Furthermore, we observed that administering protein synthesis inhibitors before retraining or RNA synthesis inhibitors after – but not before – retraining prevented memory formation during DNMT inhibition (Solntseva et al., 2023). The earlier dependence of memory formation on protein synthesis compared to RNA synthesis inhibitors suggested that memory-related proteins are translated from previously existing, translationally repressed mRNAs. Thus, we identified two crucial memory and amnesia mechanisms for the first time. First, DNA methylation-dependent repression of gene transcription essential for memory processes is a critical mechanism of anterograde amnesia. Second, translationally repressed mRNAs are the primary mechanism for maintaining latent memory during anterograde amnesia. DNA demethylation grants access to genes involved in memory processes, and transcription factors synthesized during retraining are derived from pre-existing mRNAs (Solntseva et al., 2023).
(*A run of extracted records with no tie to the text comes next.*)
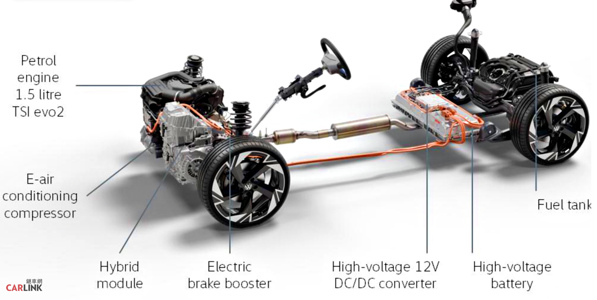 這次VW推出的全新Hybrid架構,並不是簡單的48V輕油電,而是真正Full Hybrid。其核心結構包含了:1.5升 TSI evo2 渦輪汽油引擎、兩具電動馬達、1.6kWh鋰電池、單速變速機構、與電子控制離合器。也就是說,這是一套結合串聯+並聯雙模式的先進油電系統。
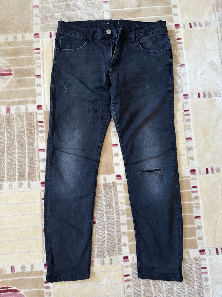 Bu erkek kot pantolonlar, regular fit kesime ve siyah denim kumaşa sahiptir.
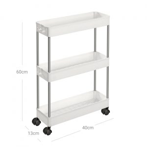 Aprovecha Espacios Reducidos: Con una anchura de solo 13 cm, este carro deslizante está diseñado para encajar en los huecos más estrechos, transformándolos en áreas útiles de almacenamiento sin ocupar espacio valioso.

The model we used as well as our findings became the basis for studying the molecular and genetic mechanisms of memory storage, interactions among related memory types, and interactions between latent old memory and newly acquired memory in grape snails. Conditioned aversion responses to two distinct food stimuli were simultaneously formed in the same animals. Subsequently, the specificity of memory storage for these food stimuli was studied by selectively disrupting memory reconsolidation for only one of the two stimuli. We then induced anterograde amnesia for both conditioned stimuli and investigated the possibility of restoring memory for one stimulus through retraining under altered DNA methylation conditions. Finally, we explored whether aversive memory formation to a new food stimulus could interact with an older latent memory under altered DNA methylation conditions in amnesic animals.